Tag Archives: Euro zone

UPDATE sells Euro-2 zone bonds; Italy has set the best month since May | Instant News


* Eurozone periphery government bond yields tmsnrt.rs/2ii2Bqr (Updates throughout)

By Elizabeth Howcroft

LONDON, July 31 (Reuters) – Eurozone government bonds were sold on Friday, both in the core and periphery, with Italian 10-year bonds set as the worst day since early May but still producing strong performance throughout the month.

With the market widely cautious on Friday, analysts said the sell-off could be triggered by an unusual month-end flow.

“I attribute it to long-term, long-term positions from dealers who may be mistaken because of the sale of real cash flow,” said Peter Chatwell, chief of multi-asset strategy at Mizuho.

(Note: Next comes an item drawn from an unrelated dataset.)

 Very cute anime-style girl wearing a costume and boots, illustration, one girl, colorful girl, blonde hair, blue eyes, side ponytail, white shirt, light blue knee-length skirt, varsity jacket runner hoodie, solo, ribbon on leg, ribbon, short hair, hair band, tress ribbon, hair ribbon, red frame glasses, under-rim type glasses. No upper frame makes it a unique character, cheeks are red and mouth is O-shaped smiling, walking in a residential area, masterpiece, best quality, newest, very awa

Analysts were surprised by the move, because the month-end index extension – where funds rebalanced their portfolios to reflect activity during the month – was expected to support bonds at the start of the session.

Italian 10-year yields are at their highest level in more than a week, up 6 basis points (bps) at 1.092% at 1449 GMT.

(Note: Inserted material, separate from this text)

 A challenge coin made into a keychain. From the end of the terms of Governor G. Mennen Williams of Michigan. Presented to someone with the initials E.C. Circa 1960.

However, Italian bonds have experienced a decent month, with yields set down 24 bps in July – the best month since May. The paper demand was driven by recovery funds agreed by the European Union last week.

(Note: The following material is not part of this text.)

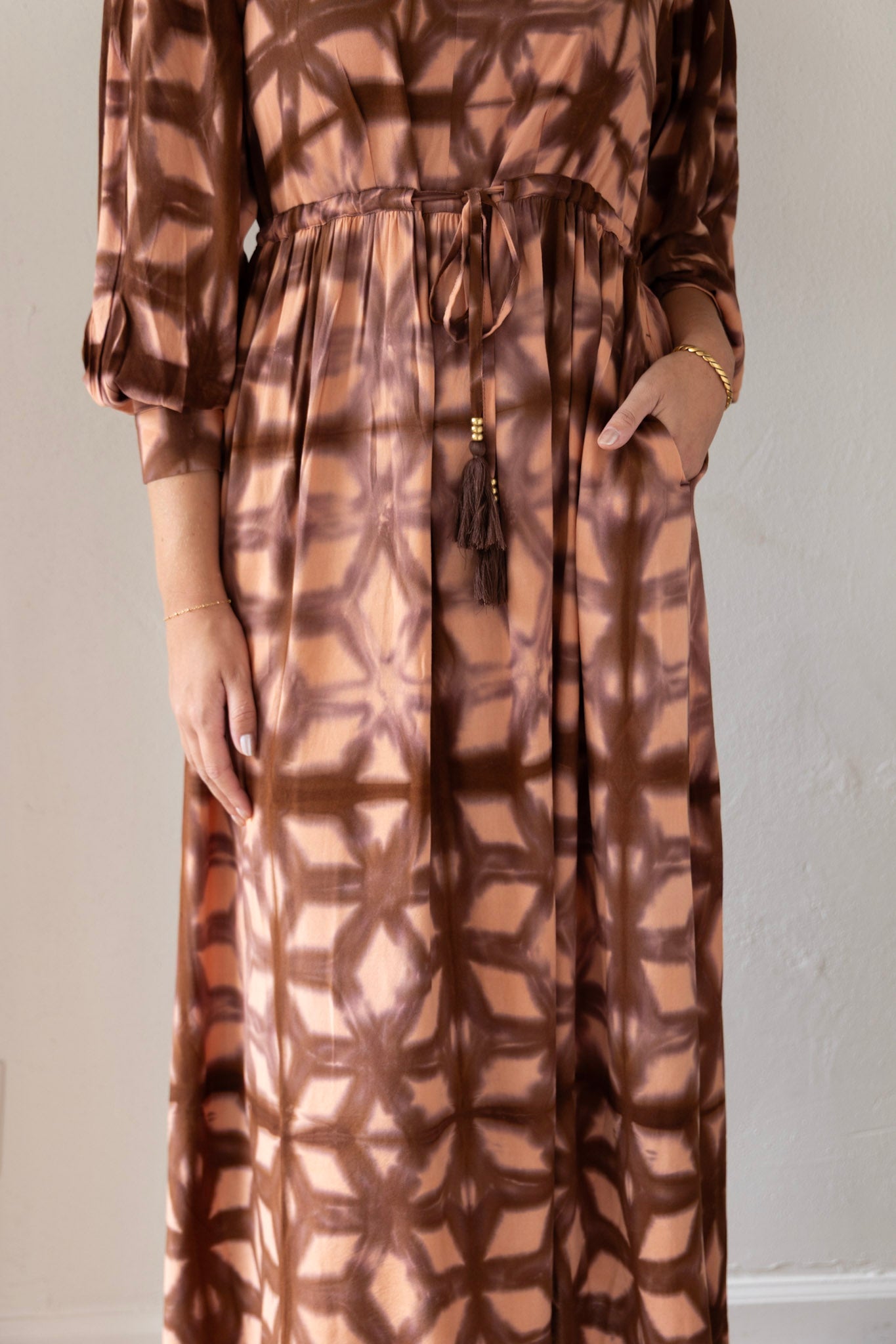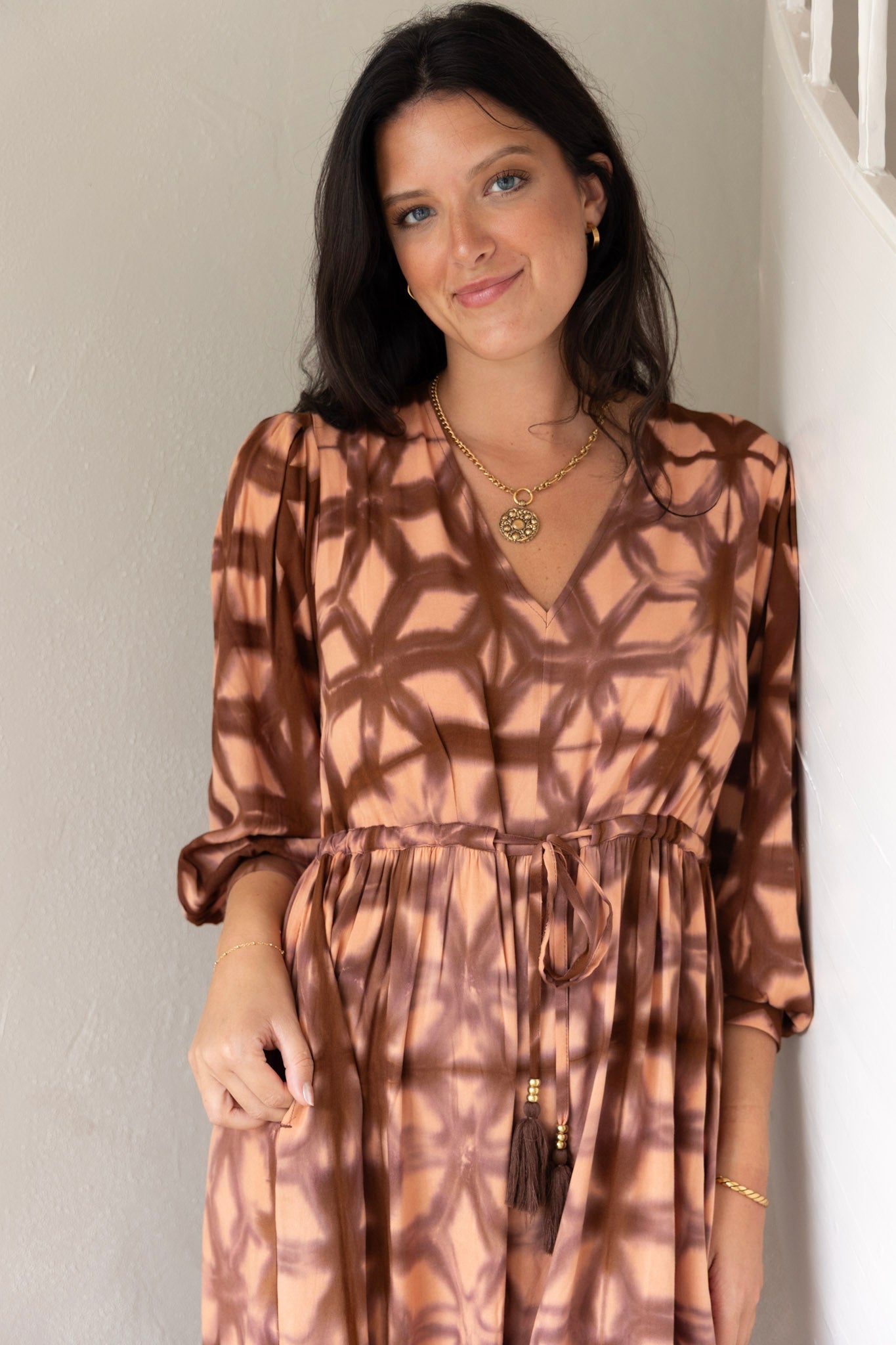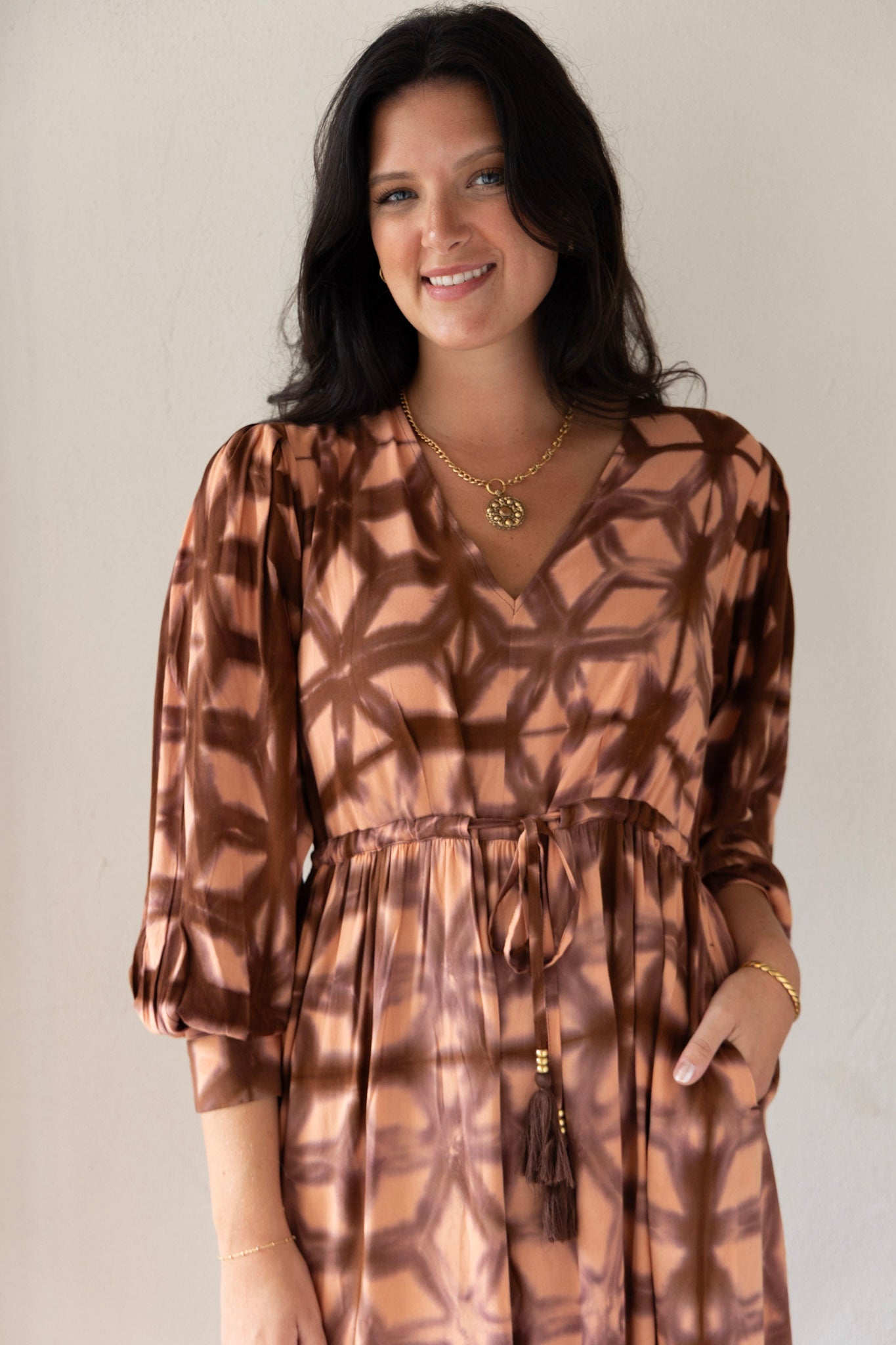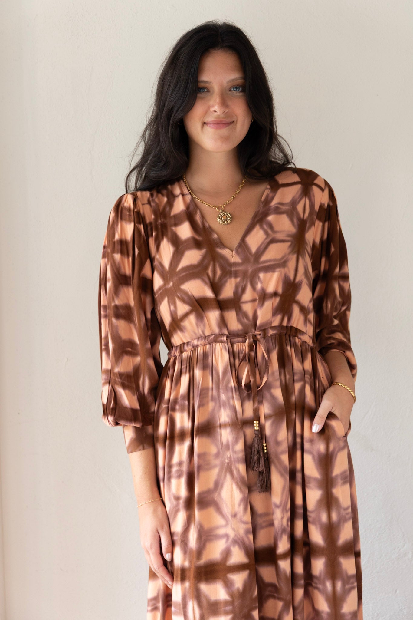 Ari Midi Dress in Cocoa Tie Dye by ExVoto

The 750 billion euro fund, which will partly be offered as a grant to the member states hardest hit by the coronavirus, has been hailed as a game changer for the eurozone and has increased Italy’s debt, given concerns about the country’s sustainability. loan.

Italy’s risk premium pays Germany for 10-year debt falling to March lows when the fund was agreed, although it has risen again this week, and is 3 bps wider on Friday at 160.65 bps.

Mizuho Chatwell said the Italian rally that was easing this week could be due to oversupply.

“What happened to BTP was a bit exhausted after recording a number of supplies,” he said.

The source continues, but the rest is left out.